Pointing out the poor writing is just wasting time, but, the debris they’ve been looking for is found by George (using a WWII antenna system) about the same time as it becomes active and attracts people with newborns? What was the point? to show George as “not that evil as Otto” as he convinced Otto to just erase their memories? Would have made more sense to just find the piece without the (senseless) attraction of the people.


----------



## Tony_T (Nov 2, 2017)

__
https://www.reddit.com/r/Debris/comments/mbnz6w/end_credit_transmissions/gykqkj1


----------



## Steveknj (Mar 10, 2003)

Summed up well in previous posts. I think not only was the writing poor, but the story itself (or lack thereof) was poor as well. I had actually stopped watching and read a couple of reviews here, and then watch the two episodes that involved the brother and sister, and had hope that it would lead to something (because those were the two most interesting episodes in the show). But after those two they moved on to something completely different. What a mess. I loved Fringe, so it's a shame that the writers who were involved here didn't do nearly as good a job. As Astro said in the OP, I'm out if there's a S2.


----------



## cheesesteak (Jul 24, 2003)

This show could have been and should have been so much better.


----------



## Mike Lang (Nov 17, 1999)

I wish I had all the hours back from this show. Like Manifest, it's cancelled in my house no matter how many seasons they try to milk it for.


----------



## DevdogAZ (Apr 16, 2003)

Tony_T said:


> Pointing out the poor writing is just wasting time, but, the debris they've been looking for is found by George (*using a WWII antenna system*) about the same time as it becomes active and attracts people with newborns? What was the point? to show George as "not that evil as Otto" as he convinced Otto to just erase their memories? Would have made more sense to just find the piece without the (senseless) attraction of the people.
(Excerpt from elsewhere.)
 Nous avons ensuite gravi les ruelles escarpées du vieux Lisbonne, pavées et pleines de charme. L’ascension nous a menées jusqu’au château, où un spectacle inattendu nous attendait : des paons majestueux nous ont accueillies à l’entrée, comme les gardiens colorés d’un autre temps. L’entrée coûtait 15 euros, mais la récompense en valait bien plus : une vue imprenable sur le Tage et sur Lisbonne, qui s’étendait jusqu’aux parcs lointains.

Speaking of that antenna array, is that something that exists in real life? That massive "wall" of antennas in the middle of nowhere?
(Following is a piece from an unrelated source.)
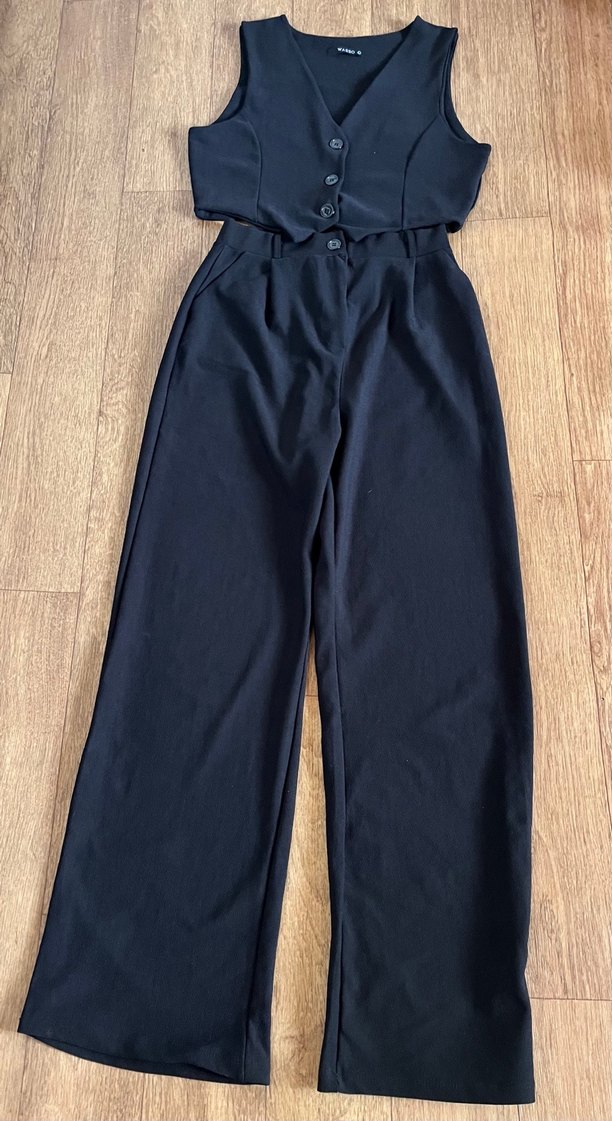 Düğmeli, V yakalı lacivert yelek, kısa ve regular fit. Sentetik kumaştan, ofis kullanımı için uygun.

Edit: It looks like there's something similar near Chernobyl, but I seriously doubt they went there to film.

Duga radar: Enormous abandoned antenna hidden in forests near Chernobyl


----------



## kdmorse (Jan 29, 2001)

DevdogAZ said:


> Speaking of that antenna array, is that something that exists in real life? That massive "wall" of antennas in the middle of nowhere?
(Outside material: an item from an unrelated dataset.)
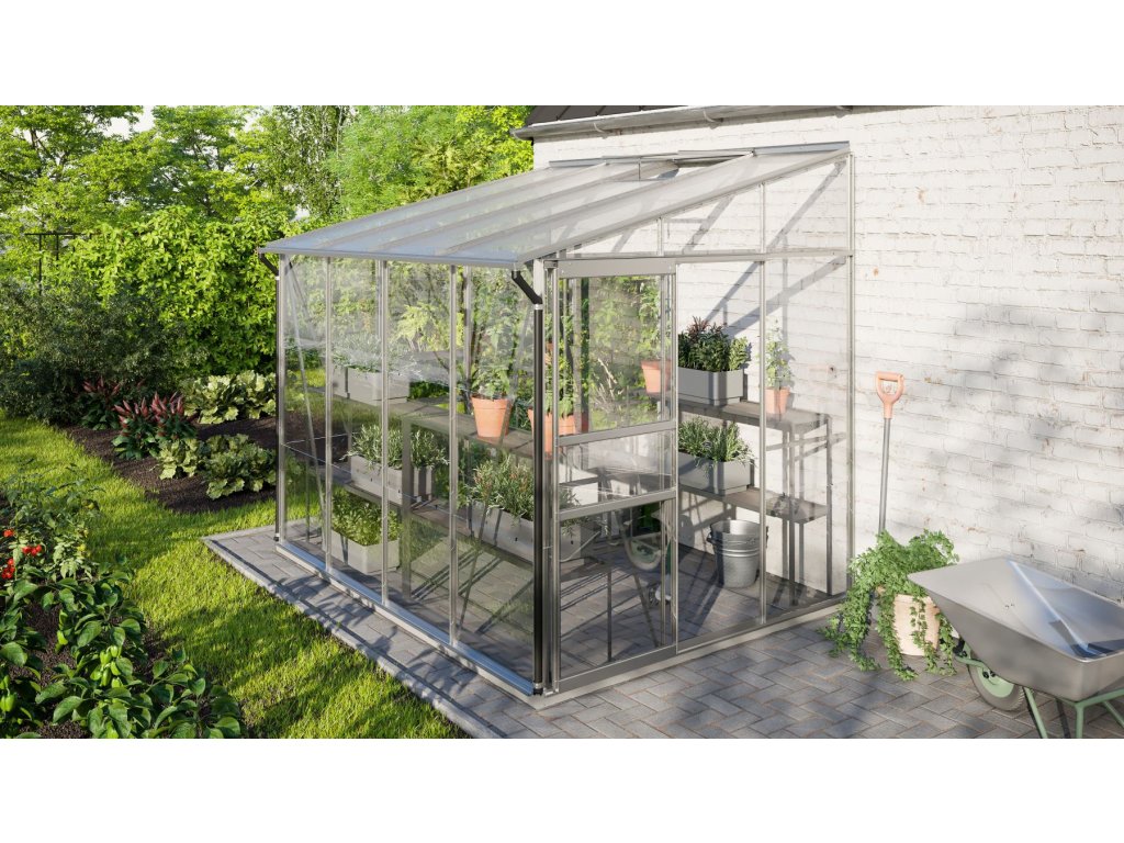 - skleník je určený na montáž k stene - zadná stena nie je súčasťou konštrukcie

That looks a lot like duga-3, an early missile detection array outside of Chernobyl.


----------



## Tony_T (Nov 2, 2017)

kdmorse said:


> That looks a lot like duga-3, an early missile detection array outside of Chernobyl.


Yes. Saw it on some channel when I was flipping one day.
They probably just CGI'd it into the show.


----------



## cwoody222 (Nov 13, 1999)

I had some hope after the brother and sister two-parter but that hope fell away fast.

I had to rewatch the end of the final two episodes because I fell asleep!

Likely won’t come back for S2.


----------



## DevdogAZ (Apr 16, 2003)

Apparently ratings for the finale were about even with previous episodes. At a level that's not great.

From looking up the ratings I ran across this recap and interview with the creator and he's clearly got a lot more planned for this show. It makes it that much more disappointing that the first season was presented in such a shoddy, haphazard way so as to make viewers not care at all about what's going on.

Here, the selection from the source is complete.